Here's the actual output:
Best score: 16
Number of solutions: 834
Number of distinct solutions: 255
Symmetry score 2:
XXX.┌─┐┌─┐.XXX XXX.┌─┐┌─┐.XXX XXX.┌─┐┌─┐.XXX XXX.┌─┐┌─┐.XXX XXX.┌─┐....XXX
X┌─┐│ ││ │┌─┐X X┌─┐│ ││ │┌─┐X X┌─┐│ ││ │┌─┐X X┌─┐│ ││ │┌─┐X X┌─┐│ │┌─┐┌─┐X
X│ │└─┘└─┘│ │X X│ │└─┘└─┘│ │X X│ │└─┘└─┘│ │X X│ │└─┘└─┘│ │X X│ │└─┘│ ││ │X
.└─┘┌─┐...└─┘. .└─┘.┌─┐..└─┘. .└─┘┌─┐┌─┐└─┘. .└─┘┌─┐┌─┐└─┘. .└─┘┌─┐└─┘└─┘.

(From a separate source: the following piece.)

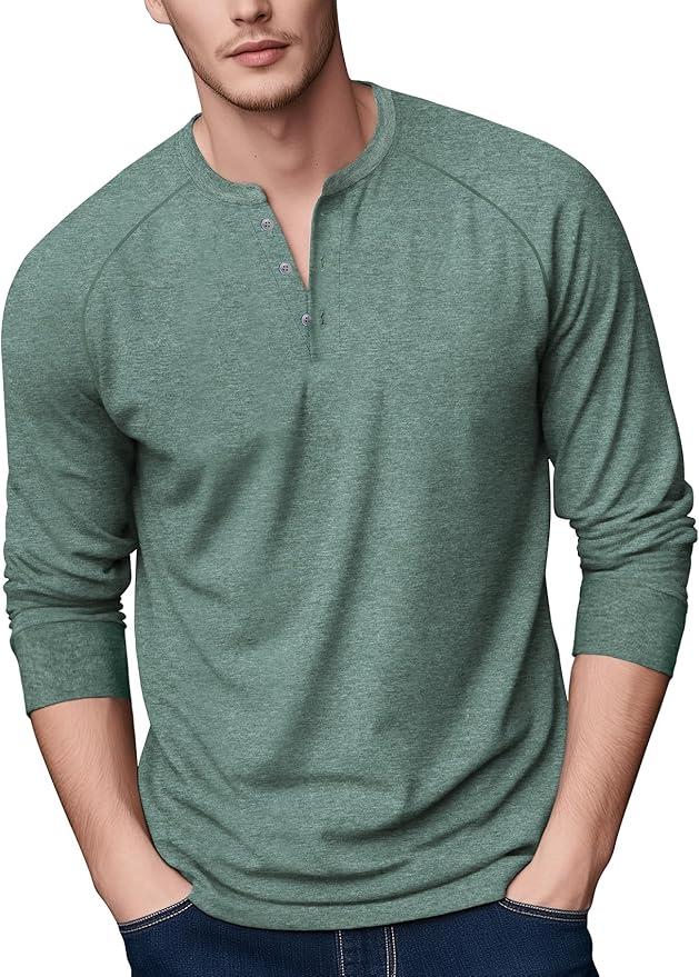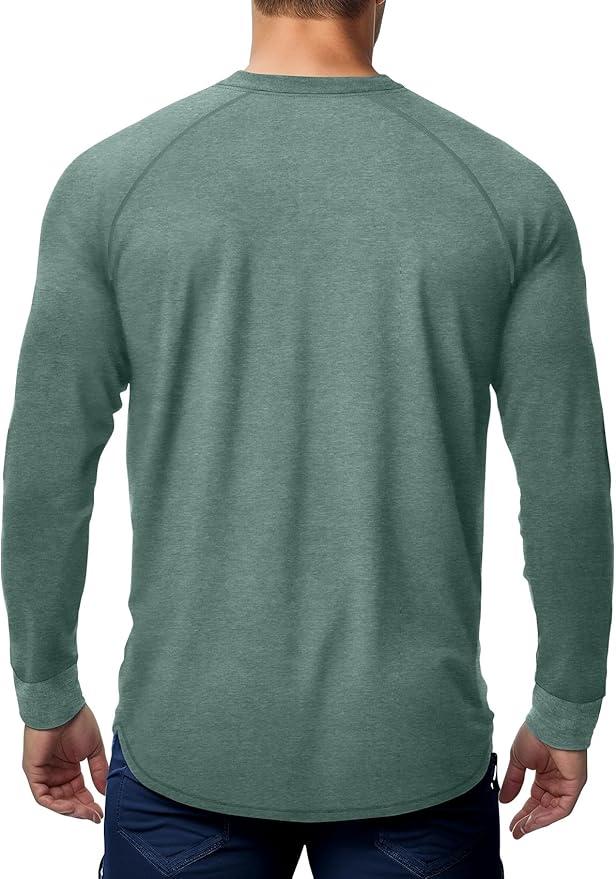 Mens Long Sleeve Henley Shirts Stretch Casual 3 Button Tee Baisc Plain

┌─┐.│ │.┌─┐┌─┐ ┌─┐..│ │...┌─┐ ┌─┐.│ ││ │.┌─┐ .┌─┐│ ││ │┌─┐. .┌─┐│ │.┌─┐┌─┐
│ │.└─┘.│ ││ │ │ │..└─┘┌─┐│ │ │ │.└─┘└─┘.│ │ .│ │└─┘└─┘│ │. .│ │└─┘.│ ││ │
└─┘...╔╗└─┘└─┘ └─┘┌─┐╔╗│ │└─┘ └─┘...╔╗...└─┘ .└─┘..╔╗..└─┘. .└─┘..╔╗└─┘└─┘
┌─┐┌─┐╚╝...┌─┐ ┌─┐│ │╚╝└─┘┌─┐ ┌─┐...╚╝...┌─┐ .┌─┐..╚╝..┌─┐. ┌─┐┌─┐╚╝..┌─┐.
│ ││ │.┌─┐.│ │ │ │└─┘┌─┐..│ │ │ │.┌─┐┌─┐.│ │ .│ │┌─┐┌─┐│ │. │ ││ │.┌─┐│ │.
└─┘└─┘.│ │.└─┘ └─┘...│ │..└─┘ └─┘.│ ││ │.└─┘ .└─┘│ ││ │└─┘. └─┘└─┘.│ │└─┘.
.┌─┐...└─┘┌─┐. .┌─┐..└─┘.┌─┐. .┌─┐└─┘└─┘┌─┐. .┌─┐└─┘└─┘┌─┐. .┌─┐┌─┐└─┘┌─┐.
X│ │┌─┐┌─┐│ │X X│ │┌─┐┌─┐│ │X X│ │┌─┐┌─┐│ │X X│ │┌─┐┌─┐│ │X X│ ││ │┌─┐│ │X
X└─┘│ ││ │└─┘X X└─┘│ ││ │└─┘X X└─┘│ ││ │└─┘X X└─┘│ ││ │└─┘X X└─┘└─┘│ │└─┘X
XXX.└─┘└─┘.XXX XXX.└─┘└─┘.XXX XXX.└─┘└─┘.XXX XXX.└─┘└─┘.XXX XXX....└─┘.XXX
(For full output, run the program)
All of the code for computing this is inside this repository.